Critical Thinking, Empathy, Social Issues

People make mistakes. We all do. Yet, many try to deny making any…

Famous people

McCain said we would not be pulling out of the Middle East any time soon, and the Democrats, including Obama, said that a quick pullout would happen-going as far as to set a deadline (that has past).

We are still in the Middle East…

Why not simply say, “I was wrong. McCain had enough experience to know something that I, at that time, could not foresee.”

How would saying that or admitting to being ‘wrong’ or mis-informed weaken Mr. Obama?

I don’t get it…

Perfect…?

There is no ‘perfect’ person on this planet (or off-world for that matter) that is always right. Too many things are subjective or fluid to be classified as ‘right’ or ‘wrong.’ Even on factual issues, the ‘brightest’ person is not always right.

Isn’t that okay?

The public expects politicians and others to be ‘perfect’ and are, lo and behold, surprised when people are not perfect. From actors to politicians–people are … people.

They are no better or worse than you or me. They may think they are–buying into their own marketing, but they put their pants on one let at a time unless they either jump into their pants or slip into them while down on the bed, the floor, the chair, …

You think you ‘know’ an actor?

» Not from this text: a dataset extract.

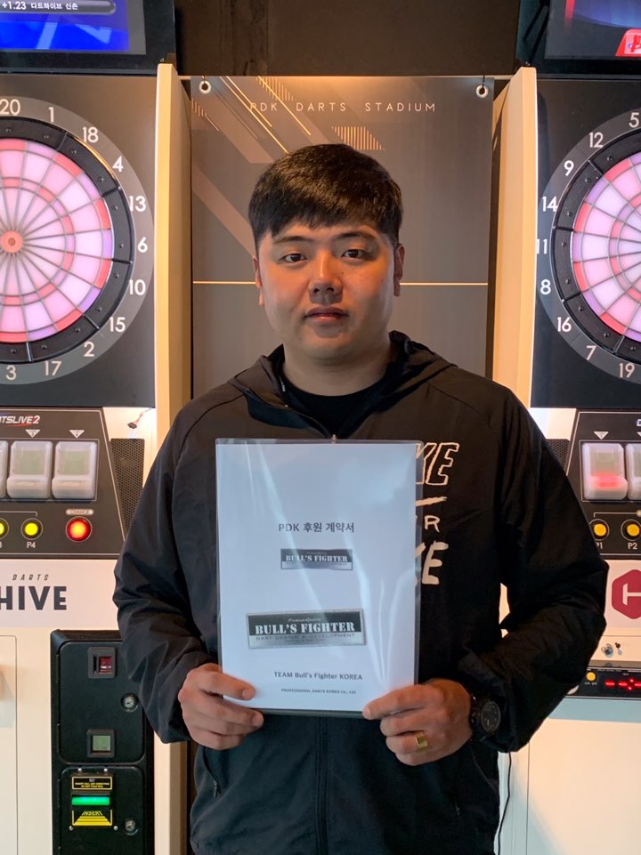 2019 세계다트연맹 루마니아 다트월드컵 대표로 함께 웃고 울었던 선수단의 맏형 ! 김기정 선수가 PDK, 불스파이터, PDK다트스타디움, Lulf와 2020/21년 시즌 후원 재계약을 체결하였습니다.
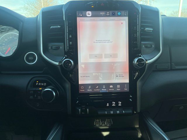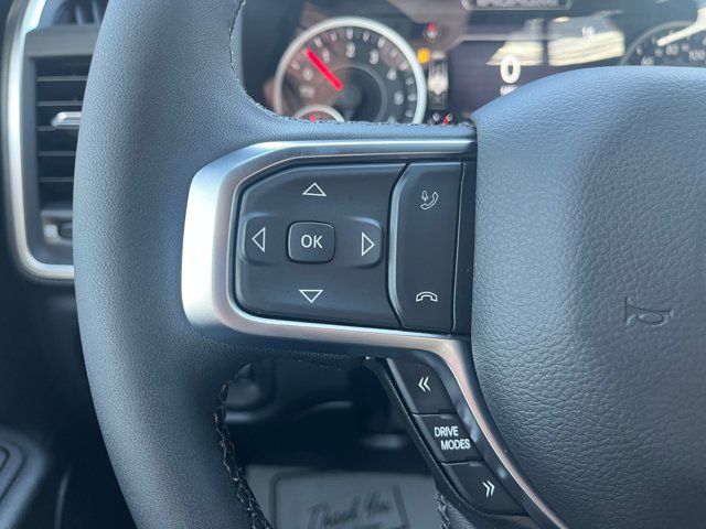Quick Order Package 27Z Big Horn,MyFlexCare Service Plan,Big Horn Level 2 Equipment Group,Night Edition,Cloth Bucket Seats,Bucket Seats,2nd Row in Floor Storage Bins,4 Way Front Headrests,Rear 60/40 Folding Seat,MOPAR Front and Rear Rubber Floor Mats,Heated Front Seats,3 Rear Seat Head Restraints,Rear Center Armrest,Front Seat Back Map Pockets,Full Length Floor Console,Premium Overhead Console,Anti-Spin Differential Rear Axle,Rear Window Defroster,Rear Power Sliding Window,Sun Visors with Illuminated Vanity Mirrors,Auto-Dimming Rear-View Mirror,Auto-Dimming Exterior Driver Mirror,Accent Color Premium Power Mirrors,Black Premium Power Mirrors,Air Conditioning ATC with Dual Zone Control,Accent Color Tailgate Handle,Cluster 7.0 TFT Color Display,115V Auxiliary Rear Power Outlet,Remote Tailgate Release,115V Auxiliary Power Outlet,GPS Navigation,GPS Antenna Input,Power 2-Way Driver Lumbar Adjust,Manual Adjust 4-Way Driver Seat,Power Adjust 8-Way Driver Seat,Manual Adjust 4-Way Front Passenger Seat,Glove Box Lamp,LED Dome Lamp with on/Off Switch,LED Footwell Lighting,Black Exterior Mirrors,Black Painted Exterior Mirrors Caps,Exterior Mirrors with Supplemental Signals,Exterior Mirrors Courtesy Lamps,Convex Wide-Angle Exterior Mirror Insert,Manual Folding Exterior Mirrors,Auto Power-Folding Mirrors,Overhead LED Lamps,Security Alarm,Black Tail Lamp Bezels,Black Exterior Truck Badging,Body Color Front Bumper,Body Color Rear Bumper with Step Pads,Front License Plate Bracket,RAM Grille Badge - Black,Black Headlamp Bezels,Grille Black Surround Black Mesh,Body Color Fender Flares,Accent Color Door Handles,RAM Grille Badge - Chrome,Dual Exhaust with Black Tips,Exterior Mirrors with Heating Element,Heated Steering Wheel,9 Amplified Speakers with Subwoofer,Global Telematics Box Module,Steering Wheel Mounted Audio Controls,HD Radio,Google Android Auto,USB Host Flip,12 Touchscreen Display,Apple CarPlay,Disassociated Touchscreen Display,Media Hub with 2 Charge Only USBs,Integrated Center Stack Radio,Connectivity - US/Canada,4G LTE Wi-Fi Hot Spot,SiriusXM with 360L,Connected Travel and Traffic Services,Leather Wrapped Steering Wheel,Deluxe Cloth Bucket Seats,Radio: Uconnect 5 W with 8.4 Display,Radio: Uconnect 5 Navigation with 12.0 Display,Wheels: 20 x 9.0 Aluminum Painted Clad,Center Console Parts Module,SiriusXM Radio Service,Power Adjustable Pedals,48V Belt Starter Generator,Universal Garage Door Opener,Trailer Brake Control,Configurable Drive Mode,400W Inverter,Integrated Voice Command with Bluetooth,Black Interior Accents,Supplier Part Tracking (J-1),Manufacturer's Statement of Origin,4-Wheel Disc Brakes,Apple CarPlay/Android Auto,Auto High-beam Headlights,Front Center Armrest w/Storage,Compass,Variably intermittent wipers,Trip computer,Traction control,Tilt steering wheel,Telescoping steering wheel,Speed control,Remote keyless entry,Rear step bumper,Rear anti-roll bar,Radio data system,Power windows,Power steering,Power door mirrors,Passenger vanity mirror,Passenger door bin,Panic alarm,Overhead console,Overhead airbag,Outside temperature display,Occupant sensing airbag,Low tire pressure warning,Illuminated entry,Heated door mirrors,Fully automatic headlights,Front wheel independent suspension,Front reading lights,Front fog lights,Front anti-roll bar,Dual front side impact airbags,Dual front impact airbags,Driver door bin,Delay-off headlights,Bumpers: chrome,Brake assist,Alloy wheels,AM/FM radio,ABS brakes,Voltmeter,Tachometer,ParkView Rear Back-Up Camera,Front Bucket Seats,Electronic Stability Control,Air Conditioning,Adaptive Cruise Control,6 Speakers,3.92 REAR AXLE RATIO,BLACK DELUXE CLOTH BUCKET SEATS -inc: Power Adjust 8-Way Driver Seat Rear 60/40 Folding Seat Rear Center Armrest Front Seat Back Map Pockets Power 2-Way Driver Lumbar Adjust,WHEELS: 20 X 9.0 ALUMINUM PAINTED CLAD,MYFLEXCARE SERVICE PLAN,NIGHT EDITION -inc: Tires: 275/55R20 OWL All Season Bridgestone Brand Tires Accent Color Premium Power Mirrors Exterior Mirrors w/Supplemental Signals Black Headlamp Bezels Exterior Mirrors Courtesy Lamps Grille Black Surround Black Mesh Auto Power-Folding Mirrors Wheels: 20 x 9.0 Aluminum Painted Clad Auto Dim Exterior Driver Mirror Black Exterior Truck Badging Anti-Spin Differential Rear Axle Accent Color Door Handles Accent Color Tailgate Handle Black Interior Accents Dual Exhaust w/Black Tips Body Color Front Bumper Body Color Rear Bumper w/Step Pads Black Tail Lamp Bezels RAM Grille Badge - Black Black Painted Exterior Mirrors Caps,9 AMPLIFIED SPEAKERS W/SUBWOOFER,MANUFACTURER'S STATEMENT OF ORIGIN,GVWR: 7 100 LBS,RADIO: UCONNECT 5 NAV W/12.0 DISPLAY,ENGINE: 5.7L V8 HEMI MDS VVT ETORQUE -inc: Active Noise Control System Heavy Duty Engine Cooling Passive Tuned Mass Damper GVWR: 7 100 lbs Dual Rear Exhaust w/Bright Tips G/T Exhaust 18 Aluminum Spare Wheel,FORGED BLUE METALLIC,TRANSMISSION: 8-SPEED AUTOMATIC (8HP75),MOPAR FRONT & REAR RUBBER FLOOR MATS,TIRES: 275/55R20 OWL ALL SEASON -inc: Bridgestone Brand Tires,TRAILER BRAKE CONTROL,FRONT LICENSE PLATE BRACKET,ANTI-SPIN DIFFERENTIAL REAR AXLE,QUICK ORDER PACKAGE 27Z BIG HORN -inc: Engine: 5.7L V8 HEMI MDS VVT eTorque Transmission: 8-Speed Automatic (8HP75),BIG HORN LEVEL 2 EQUIPMENT GROUP -inc: SiriusXM Radio Service Power Adjustable Pedals Leather Wrapped Steering Wheel 12 Touchscreen Display Glove Box Lamp Auto Power-Folding Mirrors 115V Auxiliary Rear Power Outlet Media Hub w/2 Charge Only USBs Heated Front Seats Security Alarm Black Premium Power Mirrors Premium Overhead Console 9 Amplified Speakers w/Subwoofer Disassociated Touchscreen Display Body Color Fender Flares Remote Tailgate Release 115V Auxiliary Power Outlet LED Dome Lamp w/On/Off Switch Universal Garage Door Opener 2nd Row In Floor Storage Bins Sun Visors w/Illuminated Vanity Mirrors LED Footwell Lighting Rear Window Defroster Rear View Auto Dim Mirror Rear Power Sliding Window GPS Navigation Overhead LED Lamps Wheels: 20 x 9 Aluminum Chrome Clad (WRK) Tires: 275/55R20 OWL All S

Guess again. You know the persona they market…

The CEO of a major corporation sits down at the table in the cafeteria with all those other ‘higher-ups,’ like the CFO, COO, etc., and they eat and talk about the same stuff you do at your table. Sure, they might occasionally talk about business, but everyone’s business is slightly different. They talk about dinners, parties, cars, … While the party, house, car, etc. might be different, they have feelings that are quite similar to yours.

Okay, we are all people…

People make mistakes. Size and scope may be different, but a mistake is not who you are…

Realize that a mistake is simply a mistake. Even if others make assumptions about you based on your mistakes, you are not defined by your mistakes. You might still need to work on not making the same mistake or you might need to fix the situation. If you make a mistake in a business, fix it if you can–this could be leaving the company, this could be solving a problem with supplies, this could be just about any issue. If you get angry when you shouldn’t have been upset, calm down and try hard to not get angry the next time.

Mistakes happened in the past

You past is … your past. You can’t change it. You shouldn’t define yourself, what you are now or in the future, by what has gone on in the past.

Future. What is to be. What hasn’t happened yet. You can do something different, you can act different, you can become something different, and you can change–fix those mistakes.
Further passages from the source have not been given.